Una mañana luminosa, un inspector de tránsito que iba en moto invadió la bicisenda en Pellegrini, casi llegando a Necochea, apenas después de sobrepasarme, y después giró a la izquierda pese a que el semáforo estaba en rojo. Me dio un buen susto y me dejó con bronca: iba tan rápido que no pude registrar ni la patente ni el número de su patrulla, para poder reportarlo.
Otro día, mientras avanzaba por Oroño, donde no hay bicisendas, sucedió algo aún más insólito: iba hacia el río y en la esquina de Brown paré porque el semáforo estaba en rojo. Detrás venía otro ciclista, que pasó como si nada entre mi bicicleta y un auto estacionado y me dedicó un insulto: "¡Pasá, boludo!".

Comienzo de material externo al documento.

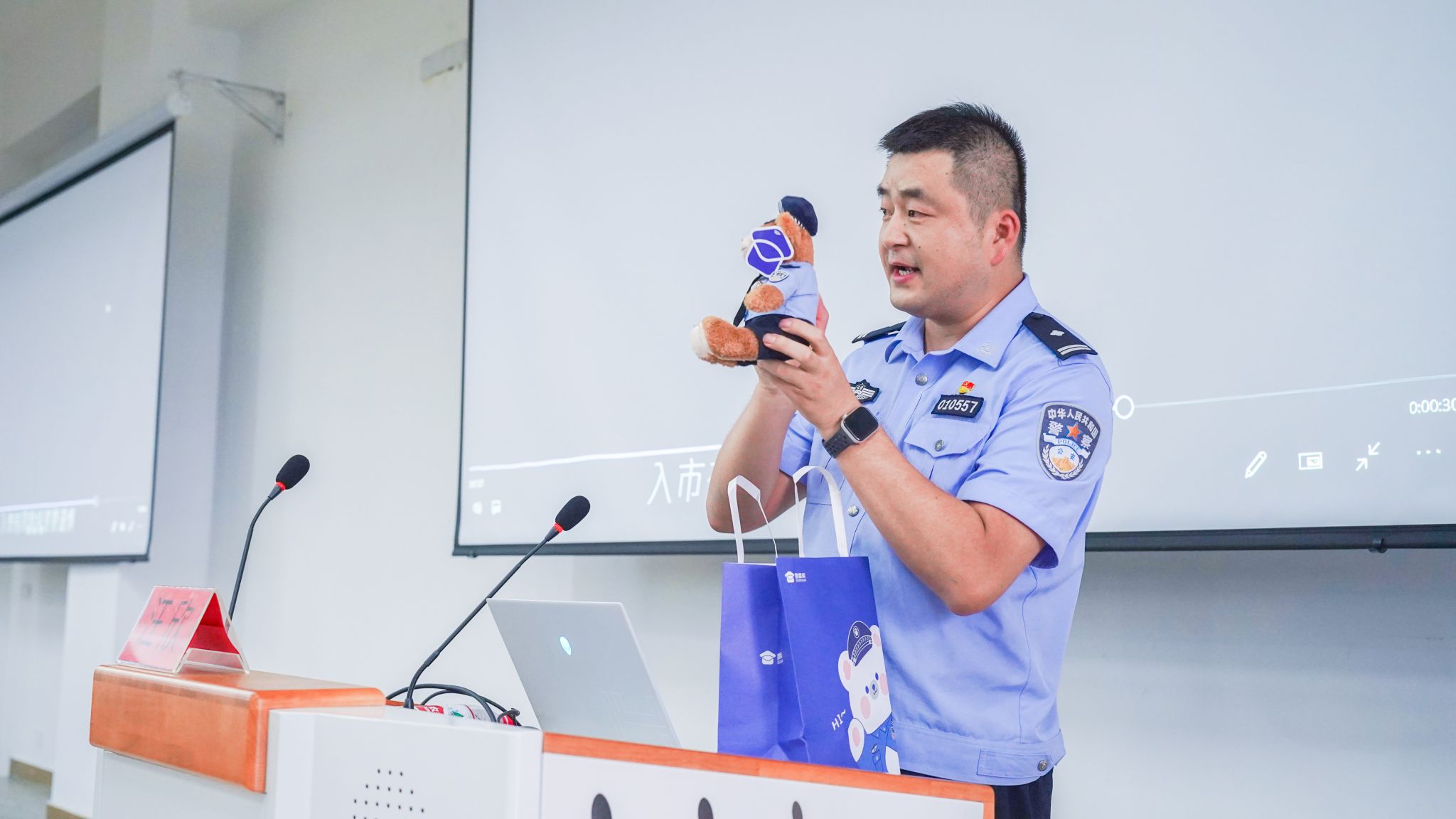 由芜湖市公安局反电诈中心主任汪欣警官主讲的“12355反电诈青课堂”通过线上线下面向全校新生宣传电信防诈知识,从“刷单诈骗”到“杀猪盘”,从“游戏诈骗”到“网络兼职”,同学们在汪警官生动的案例讲解、诙谐幽默的语言中充分认识到电信网络诈骗犯罪的严重危害性,有效增进了同学们对常见的电信网络诈骗类型的了解。活动现场还开展了互动问答环节,同学们踊跃回答提问,同时警官们还为参与问答的同学们准备了“警察小熊”的礼物,现场的新生们反响积极、气氛热烈。

Recorro la ciudad en bicicleta y veo de todo: que las calles no tienen espacio para más vehículos, que la gente va apurada y es muy intolerante, que cualquier incidente, por menor que sea, puede derivar en situaciones impensadas, que no observamos las normas, que no nos cuidamos ni cuidamos al otro.
A los automovilistas (a muchos, ¿a la mayoría?) les cuesta respetar a los ciclistas, pero a los ciclistas (a muchos, a demasiados) les cuesta casi lo mismo respetar los semáforos y, lo que es peor, a los peatones (hay peatones que tampoco respetan a los ciclistas). Hay mucha anomia en la calle, y una tensión exagerada.

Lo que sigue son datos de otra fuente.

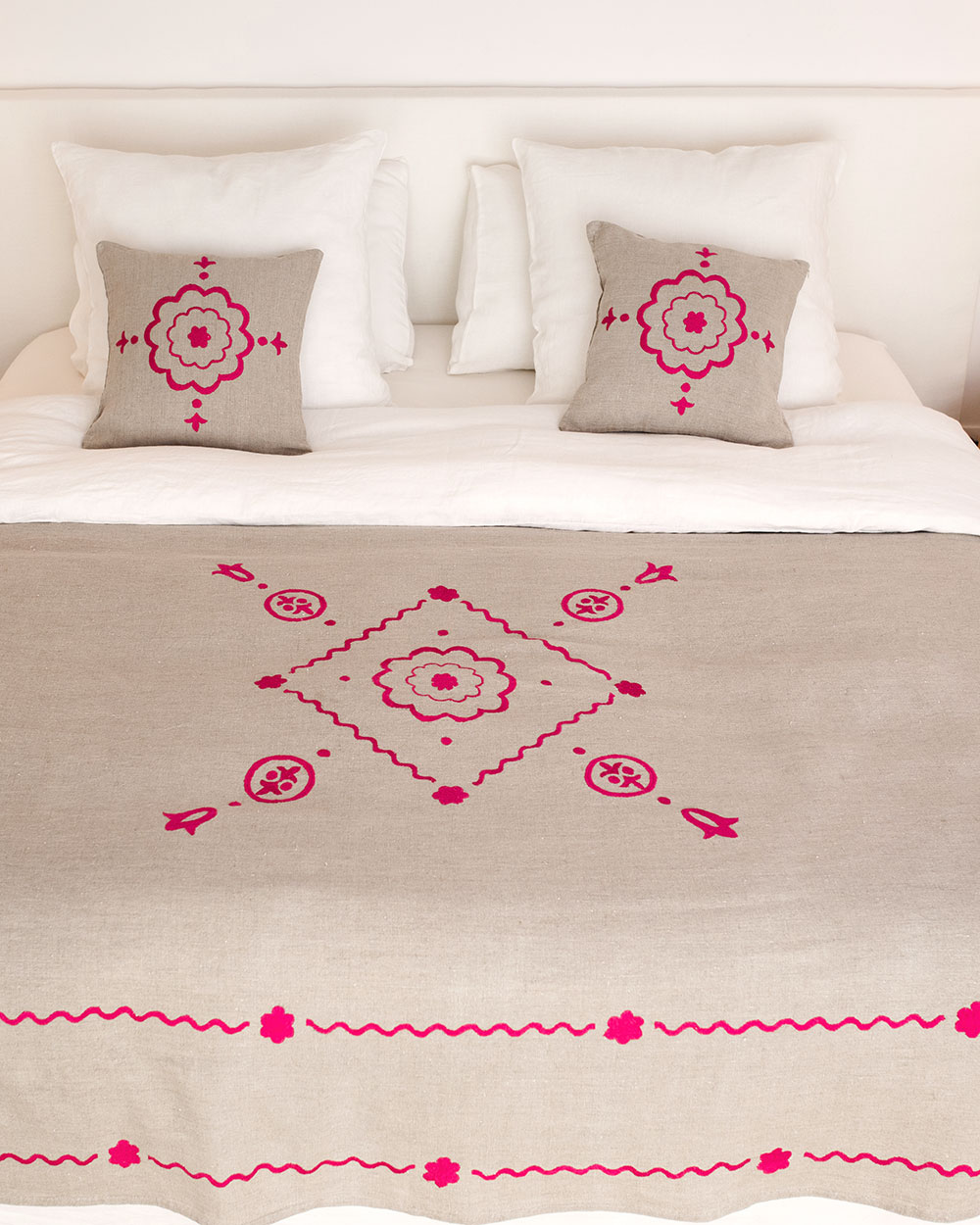 Le dessus de lit NIYAT est confectionné en lin naturel beige et orné de broderies rose-framboise réalisées à la main.

También hay de sobra eso que, acaso incorrectamente, llamamos locura. Registro infinidad de pequeñas situaciones en las que es imposible prever qué sucederá y cómo terminará. Hay irresponsabilidad, irracionalidad y un individualismo cada vez más extremo. Lo que mostramos en la calle, mayoritariamente, es que el otro no nos importa. Importo yo, y los demás que se arreglen.

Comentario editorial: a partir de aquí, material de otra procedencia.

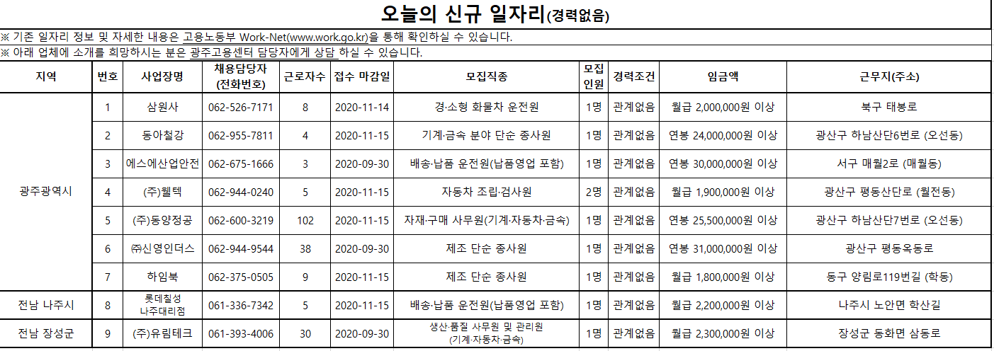 오늘(9월 17일) 신규 일자리 입니다.에 대한 상세정보

Ayer vi uno de esos actos de auténtica locura. Iba en mi bicicleta por Pellegrini a la altura del 1600. A mitad de cuadra se cruzó un operario de la empresa Clean City, que recoge residuos en los restoranes. El muchacho empujaba el contenedor plástico que acababa de vaciar en el camión Nº 3 esa empresa. Sorprendido por la maniobra, el conductor de un auto que circulaba a mi lado le tocó bocina. Entonces el operario giró abruptamente y amagó con cruzarle el contenedor. El automovilista clavó los frenos y dio un volantazo, mientras el recolector reía con ironía, volvía a lo suyo, cruzaba el cantero de la avenida y repetía la peligrosa maniobra de atravesar la calzada a mitad de cuadra.
Me pareció un episodio grave, aunque es seguro que hoy, cuando salga a pedalear, veré otro igual o incluso más serio. Puedo apostarlo.